Together, the changes give the 9-3 family a fresh appeal in the fleet arena and help it capitalise on the ‘semi-premium’ sector just above the volume offerings.

The lowdown

P11D value: £19,707
CO2 emissions (g/km): 157
BIK % of P11D in 2007: 21%
Graduated VED rate: £135
Insurance group: 12
Combined mpg: 48.7
CAP RV (3yr/60k): £6,175/31%
Monthly lease (3yr/60k) £446

We like:

 

  • Running costs
  • Driver tax bills
  • Sporty looks
  • Upgraded interior

    We don’t like

     

  • Lowest RV
  • Noisy engine

    THREE RIVALS TO CONSIDER

     

  • Alfa Romeo 159 1.9 JTDM Turismo
  • Audi A4 2.0 TDI
  • Volvo S40 2.0D SE

    P11D PRICE

    AIRFLOW spec brings 17-inch alloy wheels and sports bodystyling to the 9-3 to make it look more attractive in the company car park. It also costs nearly £1,000 less than the Linear model it is based on. The base-spec Audi looks very expensive in this company.

    9-3: £19,707
    159: £20,322
    S40: £20,467
    A4: £22,197

    EMISSIONS AND TAX RATES

    THE Volvo just sneaks into the lowest benefit-in-kind tax here and will cost a 22% taxpayer £75 a month in company car tax. The Saab is a band higher, but its lower front-end price keeps the bill at £76 a month. The Alfa Romeo will cost £78 and the Audi £85 a month.

    S40: 154g/km/20%
    9-3: 157g/km/21%
    159: 159g/km/21%
    A4: 159g/km/21%

    SMR COST

    THE Volvo is well behind in this sector thanks to much higher labour rates. This leaves the others closely matched, although it is the Audi which takes victory – costing £2,100 to service, maintain and repair over three years/60,000 miles thanks to its variable service programme.

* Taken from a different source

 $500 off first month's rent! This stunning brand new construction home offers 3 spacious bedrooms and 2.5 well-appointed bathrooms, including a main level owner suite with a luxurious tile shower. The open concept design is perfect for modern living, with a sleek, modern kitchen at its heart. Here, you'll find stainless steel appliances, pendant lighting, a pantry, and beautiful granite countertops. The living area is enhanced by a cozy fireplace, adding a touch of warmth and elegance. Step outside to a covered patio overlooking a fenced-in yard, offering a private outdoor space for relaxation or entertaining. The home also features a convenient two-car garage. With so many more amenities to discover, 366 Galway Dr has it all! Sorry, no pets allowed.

    A4: 3.48 (pence per mile) £2,088 (60,000 mile total)
    159: 4.15 £2,490
    9-3: 4.20 £2,520
    S40: 6.03 £3,618

    FUEL COST

    BOTH the Saab and Volvo are claimed to return an average of 48.7mpg on the combined cycle, resulting in a likely diesel spend of around £5,000 over 60,000 miles. The Audi lags behind on 47.1mpg, costing around £600 more over the same period than the Saab.

    9-3: 8.57 (ppm) £5,142 (60,000 mile total)
    S40: 8.57 £5,142
    159: 8.87 £5,322
    A4: 9.64 £5,784

    DEPRECIATION COST

    ALTHOUGH the Saab has the lowest residual value prediction of this quartet, it wins this section thanks to having the lowest P11D price. CAP estimates the 9-3 will retain 31% of its cost new after three years/60,000 miles, compared with 33% for the 159 and S40 and 37% for the A4.

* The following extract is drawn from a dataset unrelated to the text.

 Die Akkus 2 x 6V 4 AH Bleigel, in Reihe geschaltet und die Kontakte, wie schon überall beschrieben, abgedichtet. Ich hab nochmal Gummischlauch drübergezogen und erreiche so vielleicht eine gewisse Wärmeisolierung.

    9-3: 22.55 (ppm) £13,530 (60,000 miles total)
    159: 22.62 £13,572
    A4: 22.74 £13,644
    S40: 22.86 £13,716

    WHOLELIFE COST

    THE Saab leads the way on front-end price, fuel costs and loses the least money in depreciation, resulting in victory here. It will cost a fleet just under £21,200 to run over three years/60,000 miles – nearly £200 less than the second-placed Alfa. The Volvo is £1,300 adrift.

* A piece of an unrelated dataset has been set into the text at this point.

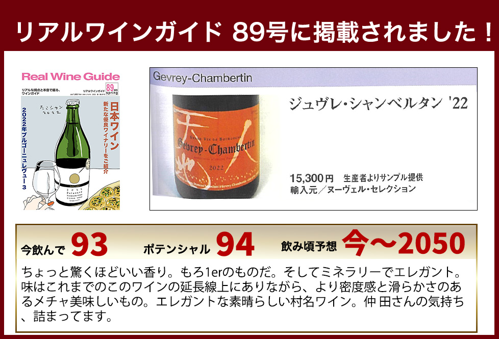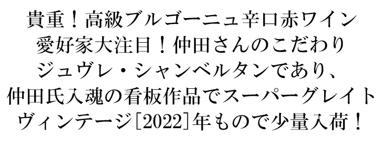 超貴重!仲田さんのこだわりジュヴレ・シャンベルタンのスーパーグレイトが少量入荷!

    9-3: 35.32 (ppm) £21,192 (60,000 mile total)
    159: 35.64 £21,384
    A4: 35.86 £21,516
    S40: 37.46 £22,476

    VERDICT

    FOR drivers graduating from a volume offering into this ‘semi-premium’ sector, the choice comes down to two cars – the Saab and Alfa Romeo. The Volvo is too expensive on wholelife costs, while the Audi feels sparse in this entry-level trim. Both the 9-3 and 159 put up a strong case for themselves for fleet managers and drivers.

    But it is the Saab, with its recently revamped interior bringing quality up a notch or two, which just sneaks the win thanks to its slightly lower running costs and driver tax bills.

     

  • WINNER: Saab 9-3 1.9 TiD 150 Airflow

     

     

  • CO2 emissions and fuel consumption data correct at time of writing. The latest figures are available in the Fleet News fuel cost calculator and the company car tax calculator.